Village in West Azerbaijan province, Iran

Qarah Aghaj (قره اغاج; Qārāghāj) (Note: Also known as Karaghadj or Qareh Āghāj.) is a village in, and the capital of, Baranduzchay-ye Shomali Rural District in the Central District of Urmia County, West Azerbaijan province, Iran.

==History==
In 1862, Qārāghāj was inhabited by 43 Church of the East Christian families who were served by the Church of Beni Shmūni but had no priest, according to the Russian archimandrite Sophoniah. There were 30 Church of the East Christian families at Qārāghāj with 1 priest and 1 church, as per Edward Lewes Cutts.
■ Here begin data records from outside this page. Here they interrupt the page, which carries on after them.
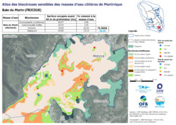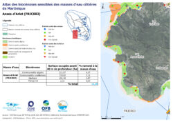 Biocénoses benthiques, Eaux côtières: Biocénoses sensibles de la masse d'eau côtière FRJC019 – Eux côtières du Sud et Rocher du Diamant
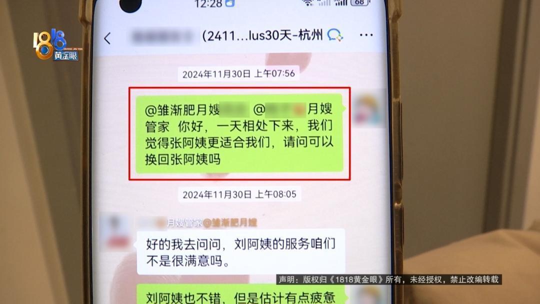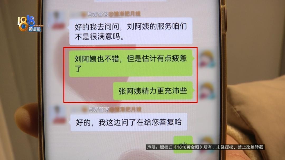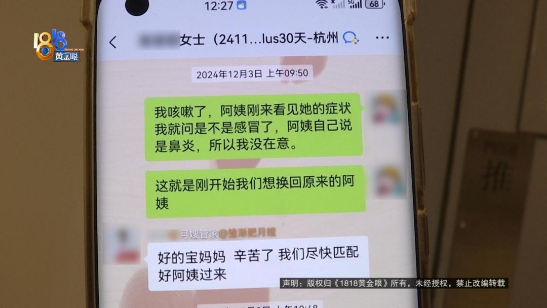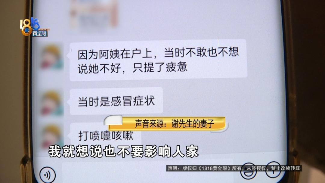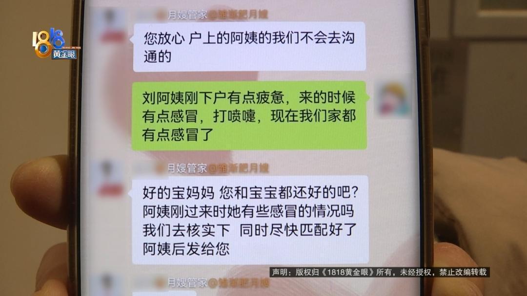 谢先生告诉记者,刘阿姨上户没几天,妻子开始有了咳嗽的症状,去年12月3号,他们跟机构说明情况提出要更换月嫂。
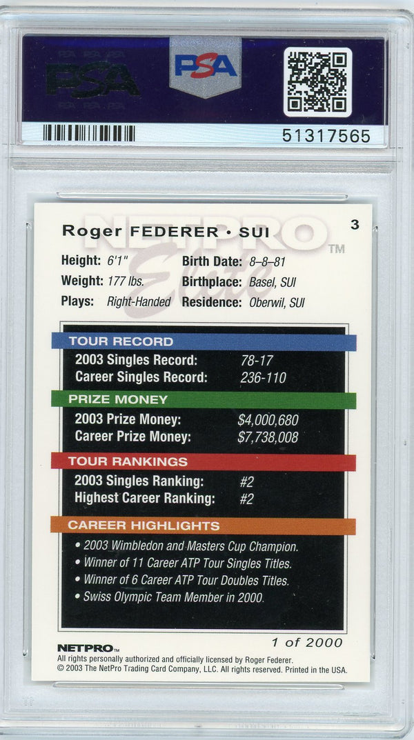 2003 Netpro Elite 2000 Roger Federer #3 PSA 10

Basil Nikitin recorded that the village was populated by Christians and Muslims just before the First World War. Prior to the First World War, there were 70 Assyrian houses at Qārāghāj, as per the list presented by Agha Petros to the Lausanne Peace Conference in 1922. It was located in the Baranduz District.

==Demographics==
===Population===
At the time of the 2006 National Census, the village's population was 1,554 in 413 households. The following census in 2011 counted 1,246 people in 411 households. The 2016 census measured the population of the village as 1,505 people in 492 households.

==Bibliography==

- Gaunt, David (2006). "Massacres, Resistance, Protectors: Muslim-Christian Relations in Eastern Anatolia during World War I"
- Wilmshurst, David (2000). "The Ecclesiastical Organisation of the Church of the East, 1318–1913"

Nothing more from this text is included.